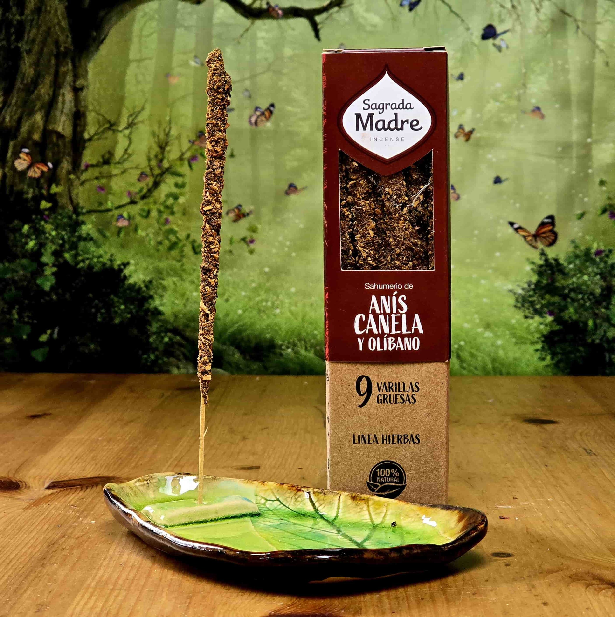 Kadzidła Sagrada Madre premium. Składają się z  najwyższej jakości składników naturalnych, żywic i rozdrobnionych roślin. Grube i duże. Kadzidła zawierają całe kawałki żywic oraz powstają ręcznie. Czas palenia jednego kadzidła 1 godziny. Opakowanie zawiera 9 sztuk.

·····

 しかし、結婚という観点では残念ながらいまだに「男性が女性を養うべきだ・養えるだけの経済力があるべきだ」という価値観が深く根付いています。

·····

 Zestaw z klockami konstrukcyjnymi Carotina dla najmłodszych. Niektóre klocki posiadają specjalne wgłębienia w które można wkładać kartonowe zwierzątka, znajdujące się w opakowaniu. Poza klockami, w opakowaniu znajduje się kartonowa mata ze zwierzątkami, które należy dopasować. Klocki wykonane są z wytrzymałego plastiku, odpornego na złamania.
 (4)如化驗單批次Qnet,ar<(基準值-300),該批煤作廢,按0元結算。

·····

:: Exercise ::
Reprint exactly the lines above that start at the one with "Zestaw z klockami" and end at the one with "(4)如化驗單批次Qnet,ar<(基準值-300),該批煤作廢,按0元結算。", keeping both and adding none.

:: Written response ::
 Zestaw z klockami konstrukcyjnymi Carotina dla najmłodszych. Niektóre klocki posiadają specjalne wgłębienia w które można wkładać kartonowe zwierzątka, znajdujące się w opakowaniu. Poza klockami, w opakowaniu znajduje się kartonowa mata ze zwierzątkami, które należy dopasować. Klocki wykonane są z wytrzymałego plastiku, odpornego na złamania.
 (4)如化驗單批次Qnet,ar<(基準值-300),該批煤作廢,按0元結算。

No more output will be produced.